Danny Allen, 1972. A detail of a newly surfaced watercolor from the collection of Eva Weiss. The full image is inset as the subject material might not otherwise get past the “thought police.”
Previously undocumented artwork by Danny Allen keeps surfacing. Much of it is very psychological in nature, more often than not, focusing on gender identity. This particular watercolor is of a hydrocephalic drag queen with one club foot. It’s a troubling image to say the least.
Back when I was living with Dan, there was a limited theatrical release of the 1932 horror film classic, Freaks. Dan was influenced by that film. Most of the characters in the movie were real-life individuals with birth defects and various abnormalities that made the more physically fortunate among us extremely uncomfortable–which to some degree was the point. For some reason that film resonated with Dan and his fascination with all that is outside of our collective comfort zone.
One “freak” image already in the book depicts a pregnant man with an erection, and a bearded man/woman in a bikini. They appear to be playing ‘doctor’ as the figure to the viewer’s right is handing two pomegranates to the pregnant male/female figure to the left. Strawberries are floating on the wallpaper above the wainscoting behind the couple. There was green wainscoting in our first apartment with strawberries on fabric covering the walls in our the bathroom. To call the pieces in this post “unusual” is to employ understatement to the extreme.
Another example of the “freak” series was located after the book went to press. This example shows a pair of Siamese twins in a polka dot bikini for two. The sisters are attached at the hip and the hairstyle.

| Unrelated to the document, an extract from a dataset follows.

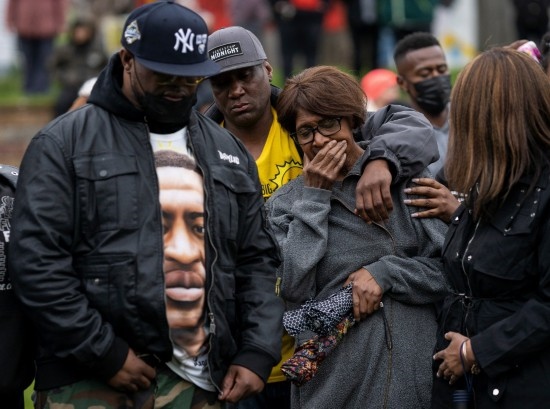 2022年5月25日,在美國明尼蘇達(dá)州明尼阿波利斯市,弗洛伊德的家人參加哀悼活動,紀(jì)念弗洛伊德遇害兩周年。新華社發(fā)(本·布魯爾攝)
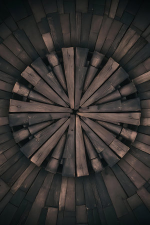 black carved wood with radial shape texture background

I can only speculate about how the invention of these unusual figures resonated with Dan and his feelings of disenfranchisement. I believe Danny had very low self-esteem and identified with the outsiders he chose to conjure-up from his imagination. It’s only my opinion, as we’ll never know for sure, but I believe Dan felt profoundly out of place and misunderstood–bouncing back and forth from the bizarre to the beautiful and expressing it through his art.